Notably here we have only selected for valuing sex leading to offspring, we haven’t selected for directly valuing IGF.

It seems fairly hard to use evolutionary pressure to instill an intuitive notion of IGF, because this is a complicated and abstract concept and has lots of correlates. It seems more likely that attempts to learn this via evolutionary pressure would instill drives like “have a lot of reproductive sex”, “care about my siblings about as much as my children, care about cousins somewhat less”, “non-reproductive sex is bad”.

Alignment proposal 4: Select for the ability to learn the concept of IGF, and select to optimize for this

Complicated and abstract concepts like IGF seem more like the kind of thing that are learned within-lifetime. For this proposal, we want to select for the ability to learn what IGF is, and then select to terminally value this. We want there to be some sort of “slot” that gets filled when a human learns the concept of IGF, and for the humans to terminally value this “slot”.

As an example, a baby doesn’t initially know what sex or gender are, but they can learn these things, and then they are (often) attracted to a specific gender. Humans both learn the concept of gender within their lifetimes, but they have also been selected to be able to learn this concept and to care about it. Note that this isn’t totally robust in humans; humans don’t exclusively care about sex with a specific gender.

Proposal 2 can be thought of a bit like this, where humans have been selected to fit in with their in-group or culture. In Proposal 2, we were attempting to put “maximize IGF” in the “in-group beliefs” slot. However, this wasn’t totally robust, probably because many things can fit into the “in-group beliefs” slot, and because humans don’t exclusively care about “in-group beliefs”.

It seems like humans have had selection pressure to learn the concept of gender and to learn their in-group culture, and that these things they learn within-lifetime also affect their behaviors. We want to use a similar selection mechanism to make humans learn the concept of IGF, and also get them to change their behavior around it.

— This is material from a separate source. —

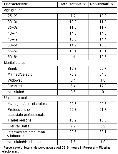 A profile of the survey respondents is presented in Table 2. They appear reasonably representative of the Farrer and Riverina electorates' adult male population, with the exception that younger men were under-represented in the study sample, while the oldest age group was over-represented29. There were also more married men and fewer divorced men than could be expected, and the occupational category of intermediate production and labourers was under-represented in this study30.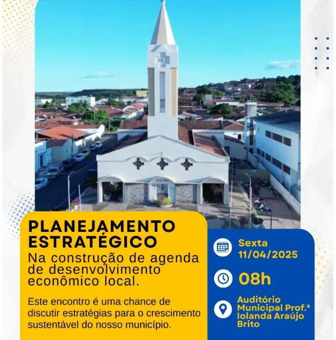 Evento reúne autoridades para planejar o desenvolvimento econômico.Na próxima sexta-feira, 11 de abril, a cidade de Simplício Mendes sediará um importante evento voltado para o desenvolvimento econômico local. A partir das 8h, será realizado o Workshop de Planejamento Estratégico, no Auditório Municipal Prof.ª Iolanda Araújo Brito.

It seems like humans developed the ability to easily learn the concept of gender and their in-group culture because these were extremely salient aspects of the environment and also knowing these concepts was important for reproductive success. We could imagine setting up an environment like this for IGF. One example could be we set up a society where knowing about IGF is considered extremely attractive, and so is optimizing it. We start a society where everyone fanatically talks about IGF and attempts to maximize it. People likely wouldn’t want to do this initially, so we, as a god, may have to threaten people into behaving this way. We do this for many generations, this likely requires us doing intense control for the first few generations to ensure that the adults actually indoctrinate the children. Here we are trying to create an environment where it is extremely valuable (from the point of view of genetics) to know about IGF.

Such an evolutionary environment does seem like it may instill an “IGF slot”, if given enough time and effort, although this might take 10s to 1000s of generations.

However, this runs into the classic problem of proxy goals; there is a difference between the humans actually caring deeply about IGF, or caring about it because this gets them social status, sex, and other things they actually value. Even if they are acting as if they care deeply about IGF, this could easily be instrumental, and if given the chance to defect they would.

Conclusion

Overall, it seems difficult to make humans primarily terminally care about inclusive genetic fitness. Going through this also reveals some classic AI safety problems, such as proxy goals and precisely specifying values.

I think there are probably other alignment approaches that could be thought about. It could be interesting to apply this to specific alignment proposals; can AI safety via debate be modified for humans? Can iterated distillation and amplification? (IDA seems like you would need to start much earlier than modern humans) Does directly fiddling with human brains help?

I also want to reiterate that (obviously) I don’t think these proposals are moral or good things to do.